* _YOUR GOAL_
Word for word, return the lines below from the first through the line that has "Pink Grunge Damask Bride Button", dropping the pictures.

* _DATA BLOCK_
+-------+

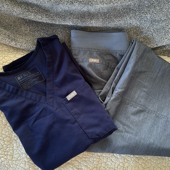 Super comfy scrubs. Figs both (top & bottom) size xs Light blue bottom and navy blue top
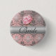 Pink Grunge Damask Bride Button
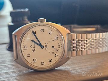 Perseo carica manuale orologio della mia collezione privata perfettamente funzionante con movimento a carica manuale calibro Unitas ramato 6325 Cassa in acciaio da 36 mm esclusa corona Vetro plexiglass quadrante smaltato bianco panna Bracciale in acciaio vintage generico ma di ottima qualità e perfettamente abbinato allo stile dell'orologio
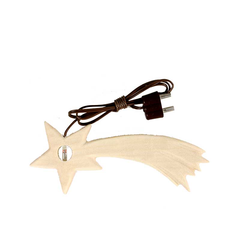 Komet beleuchtet aus Holz, ca. 9cm Weihnachten mit der geschnitzten Weihnachtskrippe aus Holz. Neben der großen Auswahl an verschiedenen Krippen - Modellen, finden Sie im Holzlädle auch das passende Krippenzubehör. Mit unserem Krippenzubehör, wie: Laternen, Trafos, Verbindungskabel, Flackerlichter, Brunnen, Brücken und vieles mehr, können Sie Ihre Weihnachtskrippe liebevoll ausschmücken und beleuchten. Wenn Sie anderes Krippenzubehör suchen, fragen Sie einfach bei uns nach. Holz-Komet beleuchtet für Ihre Krippe Die Gesamtlänge dieses, aus Holz gefertigten Kometen beträgt ca. 9 cm. Er ist mit ca. 50 cm Kabel und Stecker sofort einsatzbereit in Ihre Krippe. |

+-------+

* _THE COMPLETED TASK_
 Super comfy scrubs. Figs both (top & bottom) size xs Light blue bottom and navy blue top
 Pink Grunge Damask Bride Button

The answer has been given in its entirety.